Just a minor one Hal, but there is a definite difference of opinion between the geologists and the production facility guys (like me!) on the definition of wet gas :o)

Here's my take on it.

Full well effluent = gas(es) + condensate + formation water (super-salt-saturated / carbonate buffered) + condensed water; tends to be highly corrosive; water is treated and dumped to ground/sea or re-injected for environmental compliance reasons; salt is useful for hydrate prevention, but not much else!

Wet gas = gas + condensate + condensed water; low pH; transported to treatment centre from satellite well; normally combined with methanol or glycol for hydrate prevention; pH stabilizer / film former is used for corrosion control.

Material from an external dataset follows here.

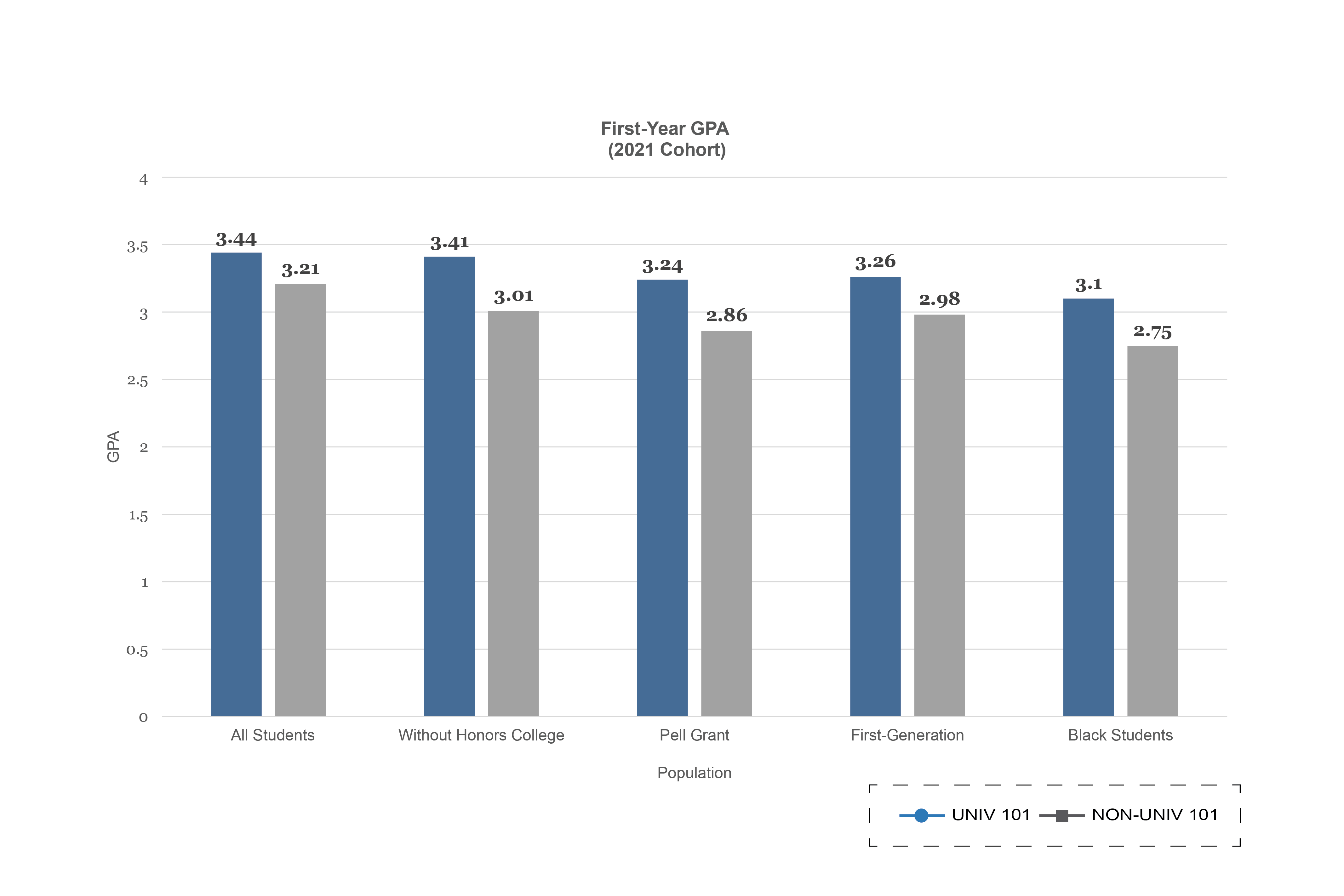 Note: Given that these students have significantly higher predicted grades and tend to enroll in UNIV 101 at a lower rate than other students, excluding these students from the analyses provides a more accurate picture of the impact of the course.

Dry gas = gas + condensate only; dehydrated using glycol in a column (glycol is regenerated in another module - http://www.prosernat.com/en/processes/gas-dehydration/drizo/), suitable for export/sale, can be trasported in trunk lines with condensate, no risk of hydrate, corrosion control only.

Cheers,
mmw

drillernic 11 Dec 2009 , 10:48pm

For most of the upstream industry, dry gas is gas that won't cross the gas/ liquid phase boundary as it moves from the reservoir to the wellhead, and wet gas is gas that will... if it crosses the phase boundary in the reservoir you get light oil ('condensate') forming in the reservoir, loosing valuable oil, but also causing condensate banking, where the liquid blocks the pores to gas flow to the wellbore; if the liquid condensates in the wellbore you get slugging. Wet gas (AKA condensate feilds) can be expensive to develop- you need additional wells to re-inject dry gas into the reservoir to maintain pressure to stop condensate banking, but the condensate itself is very valuable.

Downstream facilities guys like MMW above, talk of dry gas being export quality gas that won't hurt their pipelines and wet gas being anything else!